Aim of the task
The lines to extract run from the start of the records through the line with "Cartel del programa", both ends included; drop the pictures.

Records to process
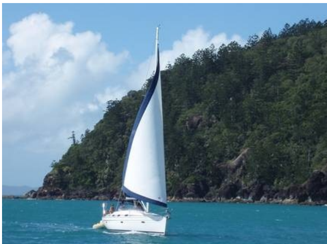
Rys. 3: Nie możesz wpływać na kierunek wiatru, ale zawsze możesz odpowiednio ustawić żagle.

Jak mawiał Henry Ford: „Porażka to tylko szansa na mądrzejsze rozpoczęcie od nowa”. Zdobądź się na odwagę i wyjdź poza strefę komfortu. Wizualizuj efekt osiągnięcia celu i swoją radość z tego tytułu. Ustalaj racjonalne i jednocześnie ambitne cele.
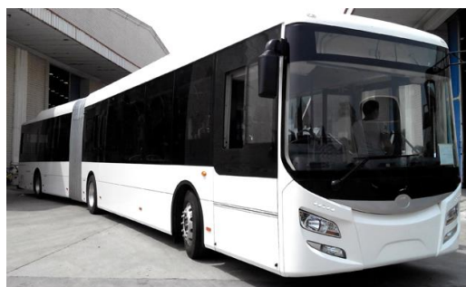
Pour tout type d'eBus
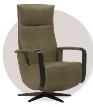
Handverstelbaar in stof leverbaar v.a. €1.550,-
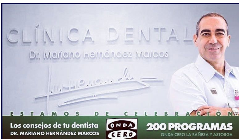
Cartel del programa semanal de radio en Onda Cero La Bañeza.
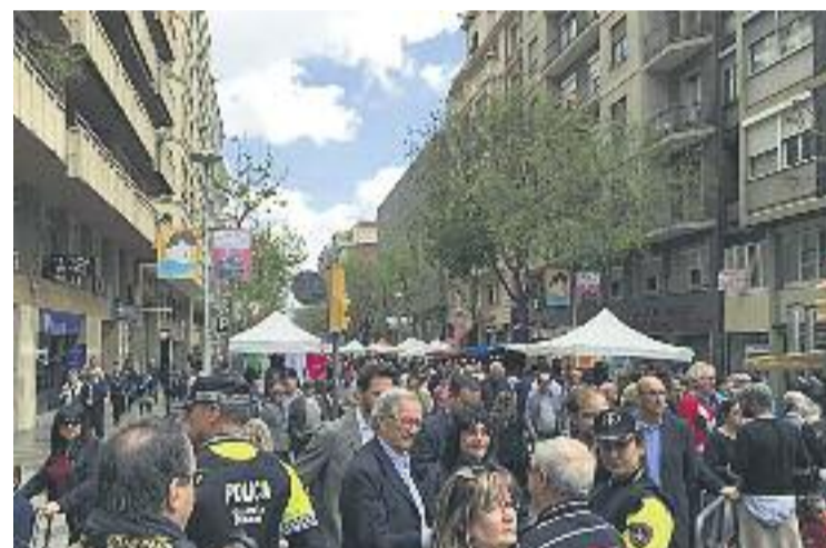
El Mercat Tradicional sempre aplega molta gent.

Per altra banda, també hi haurà tallers d'artesanía, una mostra de productes artesans i, per tal que els més petits de la casa no s'avorreixin, s'instal·laran jocs infantils i se celebraran espectacles per amenitzar dos dies que prometen omplir, com sempre, el barri de visitants.
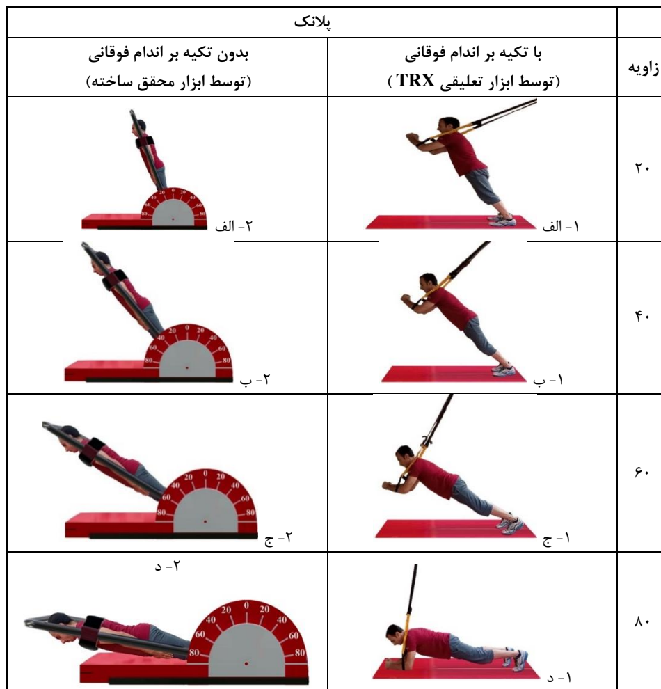
شکل ۲- آزمون‌های تحقیق

برای ثبت فعالیت الکتریکی عضلات از دستگاه بیومانیاتور ۱۶ کاناله ME 6000-T16 ساخت کشور فنلاند با نرخ نمونه‌برداری ۱۰۰۰ هرتز استفاده شد. عضلات منتخب ثبات مرکزی در مطالعه حاضر شامل راست شکمی، مایل خارجی، مالتی‌فیدوس، راست‌کننده ستون فقرات کمری و راست رانی بودند (۲۳، ۶). قبل از چسباندن الکترودها، پوست از مو و چربی پاک‌سازی شد. ثبت فعالیت الکتریکی
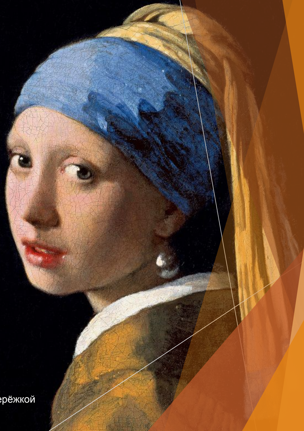
Девушка с жемчужной серёжкой Картина – Ян Вермеер
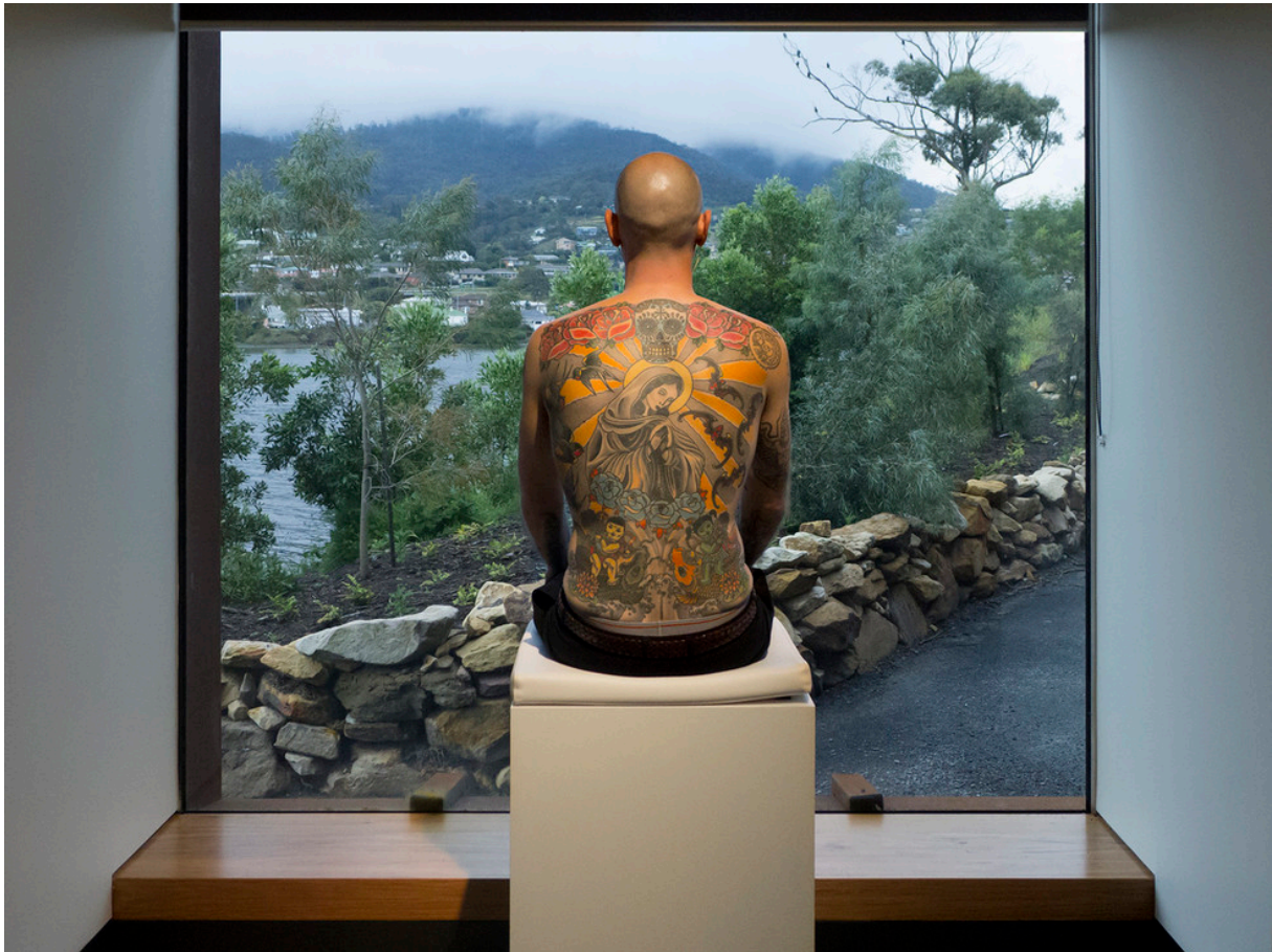
Wim Delvoye, TIM , 2006.

prikazuje razliku između slike na zidu i „živog platna“, platna koji se mijenja tijekom vremena; deblja, mršavi, ozljeđuje... prikazuje nam proces življenja.
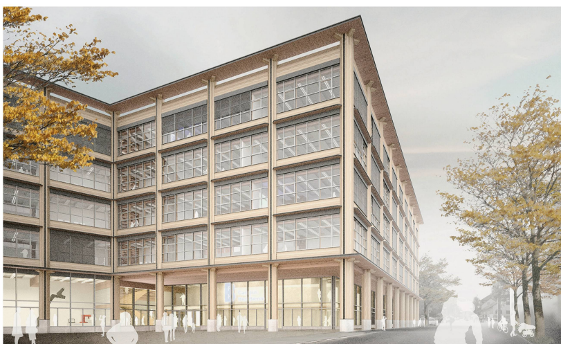
Abb 3 Der neue Campus Biel der Berner Fachhochschule soll aus Berner Holz gebaut werden. Ab Herbst 2022 werden darin die beiden Departemente Technik und Informatik sowie Architektur, Holz und Bau untergebracht sein.

Aufgaben an geeignete Organisationen der Waldeigentümer möglich (KWaG Art. 40). Mit einer entsprechend flexiblen Revierorganisation soll die unternehmerische Entwicklung der Waldwirtschaft unterstützt werden. Amtliche (kantonale) und betriebliche Aufgaben können somit organisatorisch zusammen erfüllt werden, sofern dies die Waldwirtschaft fördert (B).
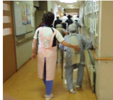
施設内の避難場所への移動訓練 (山形県村山市)
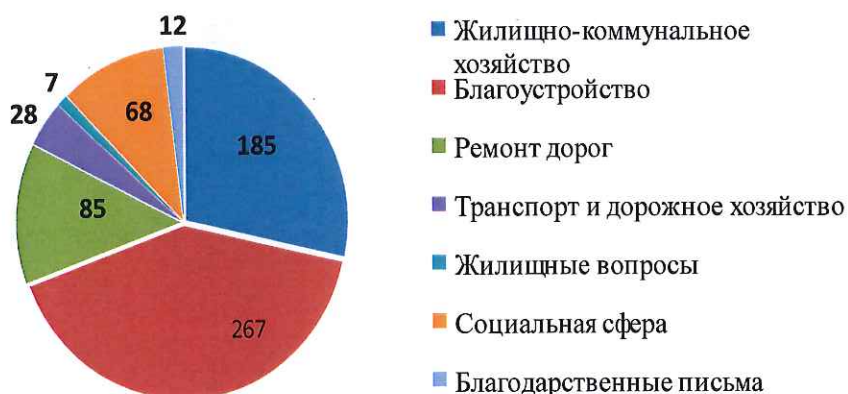
Основные темы обращений граждан в 2023 году

Следует отметить, что в сравнении с 2022 годом вопросы благоустройства вышли на первое место. Обустройство общественных пространств в рамках программы Формирование современной городской среды, переходящее из центра города на его окраины, широкое информирование о возможностях комплексного обновления дворов не оставляют горожан равнодушными. Жители вносят все больше предложений о необходимости озеленения и опиловки деревьев, освещения территории, установки малых архитектурных форм, устройства пешеходных дорожек.
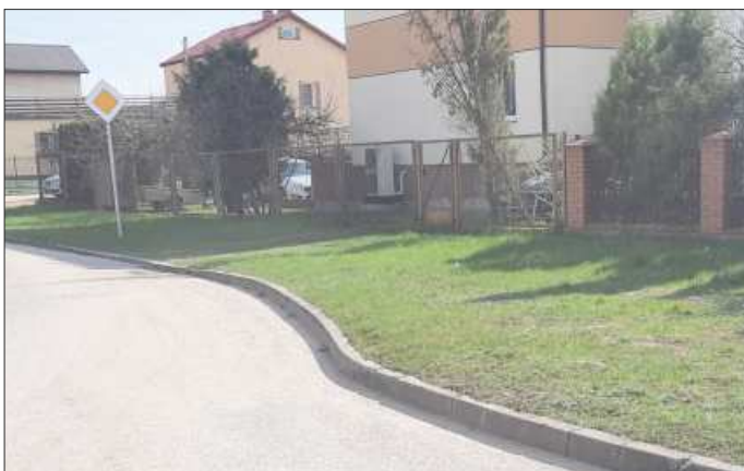
Budowa nawierzchni chodników na os. Parkowa, os. Huta, os. Szkolna w Grajewie

Wartość inwestycji to 88 tys. zł. Ta została podzielona na 3 części. Prace przewidziane są na ulicach: Parkowej, Lipowej, Wyzwolenia, Pęży oraz Wąskiej.
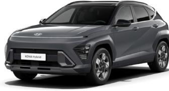
Ecotronic Gray perlamutra (PE0) / melns jumts
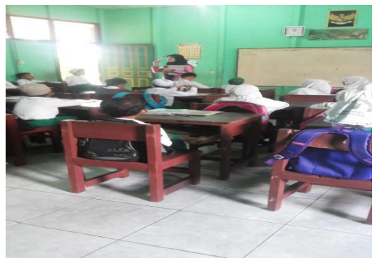
Proses Pembelajaran di kelas kontrol dengan model snow balling
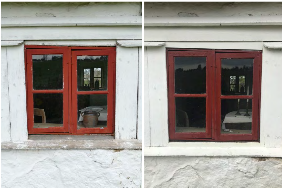
Det västra fönstret av stugans två fönster (F2) mot söder, t. v. före justeringen och t. h. efter. Mellanrummet under karmens deformerade bräda tätades med lindrev. På framsidan av rapporten ses fönstrets insida.
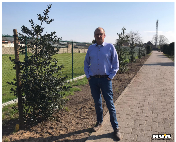
Foto: Langs de dreef richting het kerkhof van Dessel centrum werden nieuwe hulsten geplant.
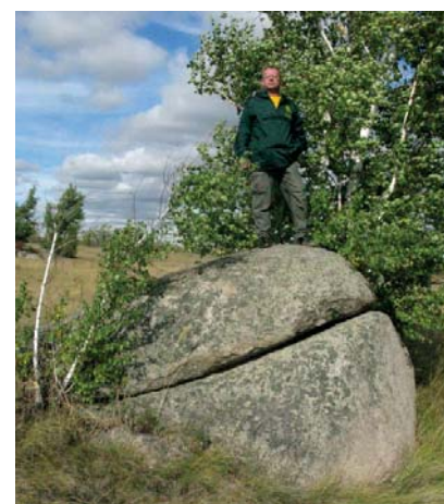
Возможно, это тоже каменные люди
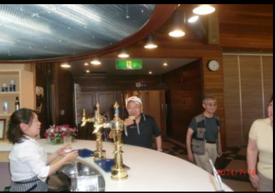
9460 出来立ては上手い!
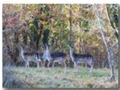
Daini: foto di gruppo

Guido Marcheselli - Olympus OM-D E-M10 Mark III 2021 - Inverno - Savignone - Panorami
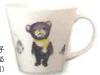
酒井駒子 よるくま クリスマスのまへのよる マグ 1,500円(税別)
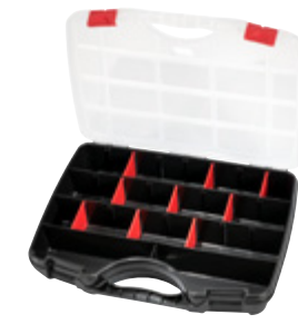
PROFI-LINE ORGANIZE S
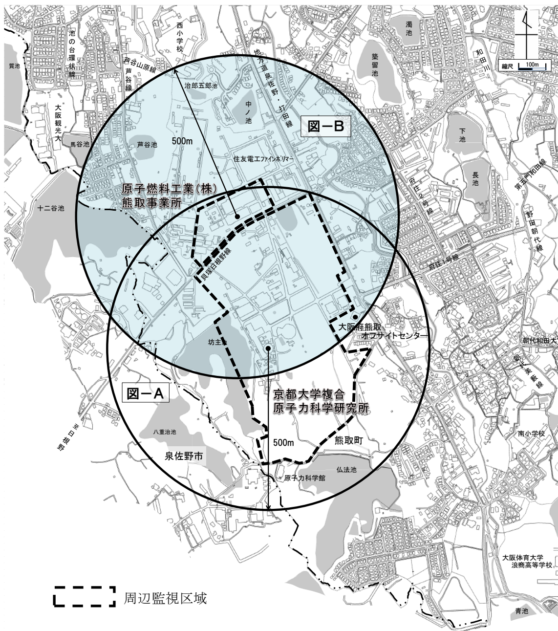
〔図-A〕 京都大学複合原子力科学研究所からおおむね半径500mの範囲 〔図-B〕 原子燃料工業株式会社熊取事業所からおおむね半径500mの範囲
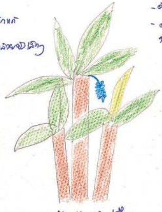
อายุ 10-12 ปี พบกาชกล้วย
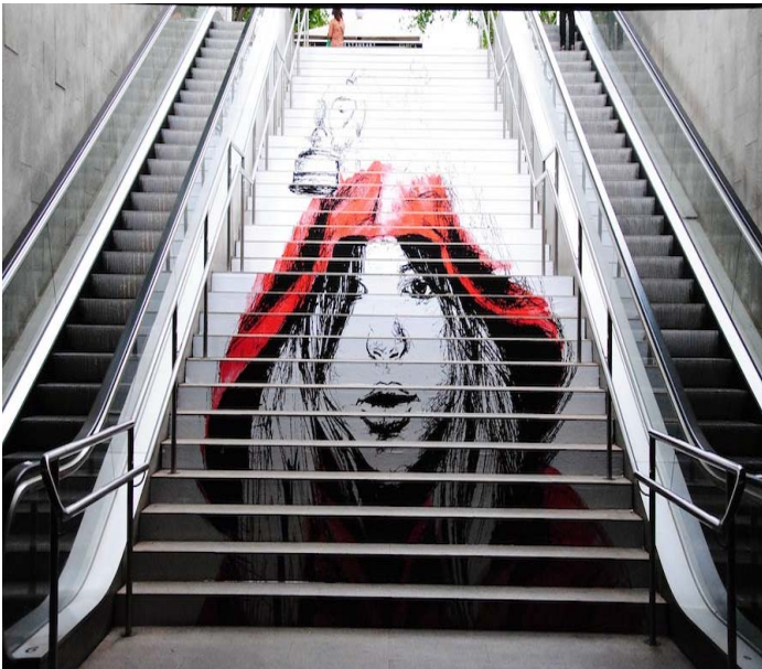
Stazione a Barcellona, progetto realizzato da Swab
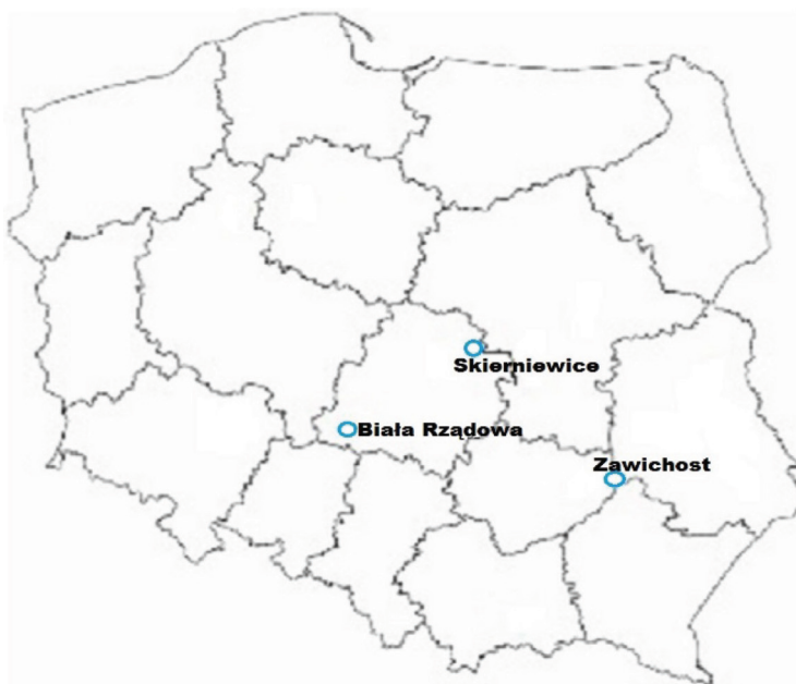
Rysunek.1. Lokalizacja stacji meteo uwzględnionych w badaniach.

Celem opracowania jest ocena potrzeb wodnych jabłoni oraz wysokości opadów efektywnych co pozwoli na określenie potrzeb nawadniania tak ważnego dla gospodarki gatunku roślin sadowniczych. Dane meteorologiczne obejmujące okresy wegetacyjne od maja do września w latach 2011 – 2016. Dane pochodziły z trzech automatycznych stacji meteorologicznych (iMetos – Pessl Austria) rozmieszczonych w różnych regionach Polski: Skierniewice (N-51°57', E-20°09'), Biała Rządowa (N-51°15', E-18°27') i Zawichost (N-50°48', E-21°51').
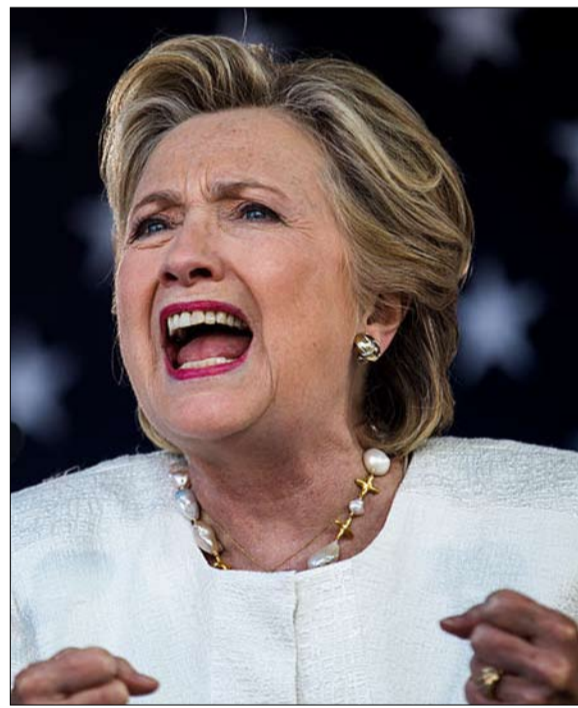
هيلاري مهدت الطريق

هذا الغموض حول هذه القضية. ففي استطلاع للرأي أجرته إيبسوس / ديلي بيست، قال 74 بالمئة من الأمريكيين إنهم مرتاحون لإمكانية وصول امرأة رئيسة، لكن 33 بالمئة فقط يعتقدون أن جيرانهم يشاركوهم هذا الصفاء. نعوت تمييزية إن قضية التمييز على أساس الجنس تتجاوز مسألة القدرة على هزم ترامب. خلال حملتها
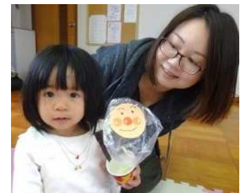
ストローでフーッとできるかな！？
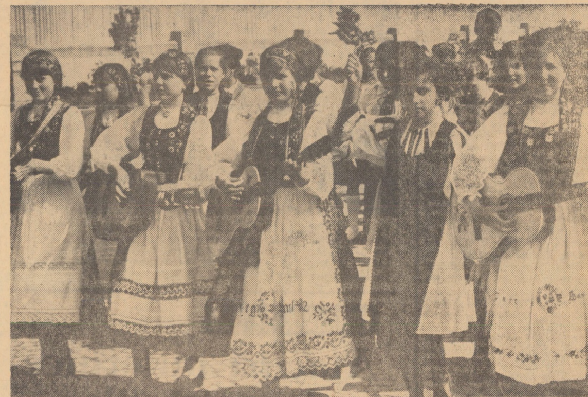
Florile primăvarațice ale costumului sășesc
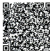
やまがたe申請（法人・団体）
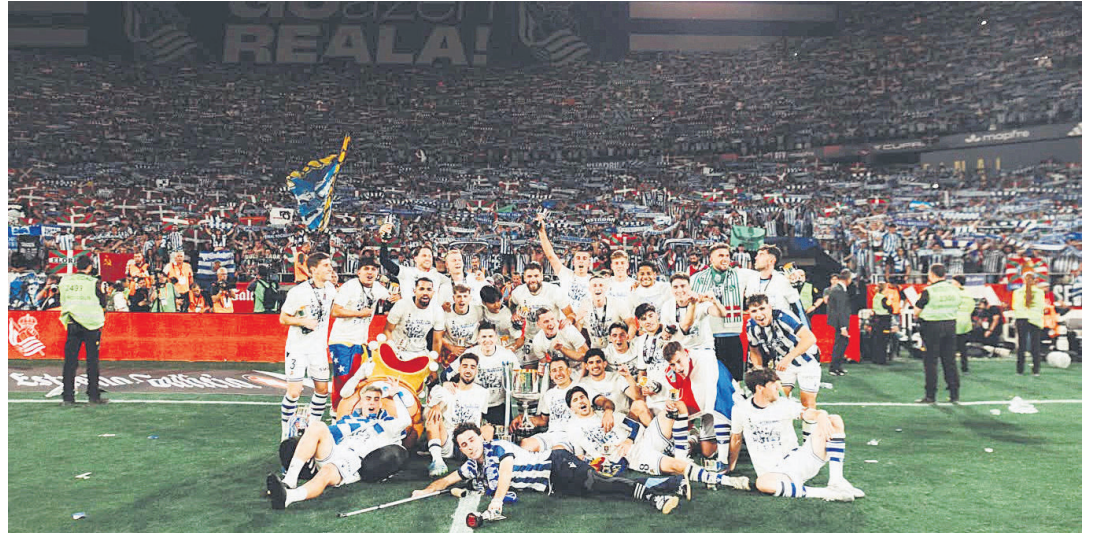
Realeko jokalariek koparekin; atzean, Cartujara bidaiatu iren jarraitzaileak.
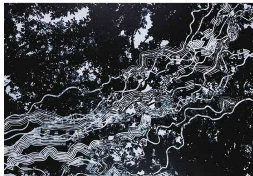
Gaja Hanzel, Sežana SVETLOBA _ mešana tehnika _ 100x70
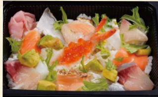
海鮮バラちらし 1,130(税込1220)
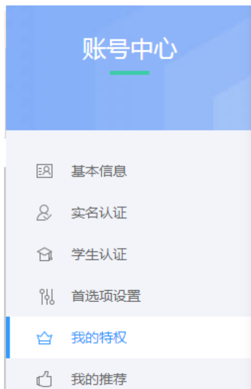
图 4-2 我的特权
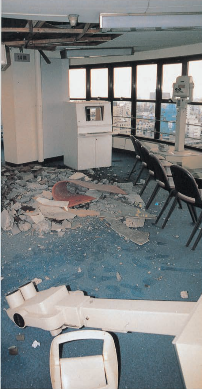
かなりの重量がある望遠鏡の転倒が揺れの激しさを物語る
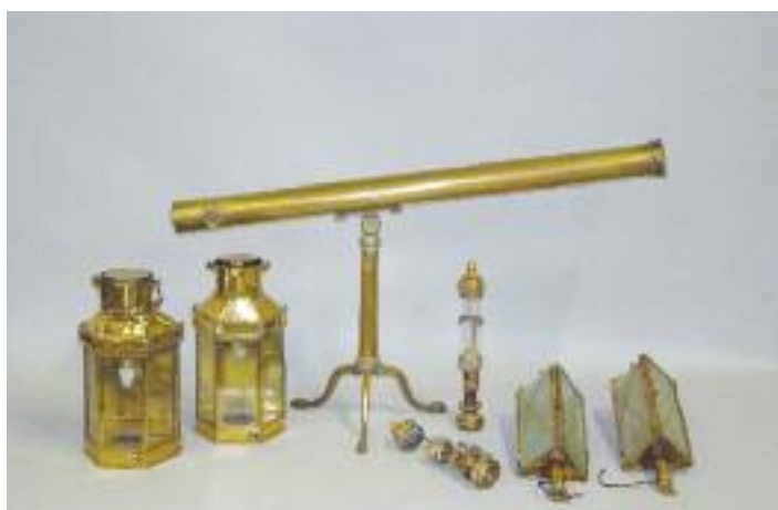
Paire de lanternes anglaise de voiture à cheval en laiton. XIXe siècle. H. 41 cm 200/300
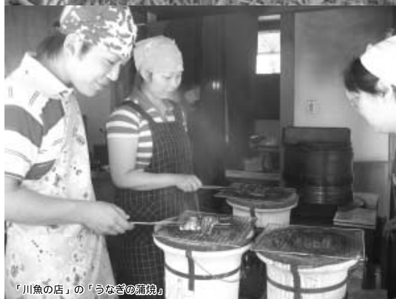
「川魚の店」の「うなぎの蒲焼」

置けられるようになった当然の結果でもあろう。かつての陳列・放任主義ではなく、博物館はそこに展示する「資料」の意味について、見る人たちに説明する義務を負うようになった。「資料」とは、ただそこにあるからといって資料になるものではなく、何らかの価値観が付加され、ひとつのストーリーの中に位置づけられるからこそ、資料となり得るからである。博物館はそれぞれの展示に責任を持って、一体そこで「何を伝えたいのか」という目的を設定し、来館者がそのことを少しでも理解しやすいように、さまざまな工夫を凝らすことが必要とされるようになってきたのである。
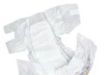
Diapers (filling material)

Exercise output
Rys. 3: Nie możesz wpływać na kierunek wiatru, ale zawsze możesz odpowiednio ustawić żagle.

Jak mawiał Henry Ford: „Porażka to tylko szansa na mądrzejsze rozpoczęcie od nowa”. Zdobądź się na odwagę i wyjdź poza strefę komfortu. Wizualizuj efekt osiągnięcia celu i swoją radość z tego tytułu. Ustalaj racjonalne i jednocześnie ambitne cele.
Pour tout type d'eBus
Handverstelbaar in stof leverbaar v.a. €1.550,-
Cartel del programa semanal de radio en Onda Cero La Bañeza.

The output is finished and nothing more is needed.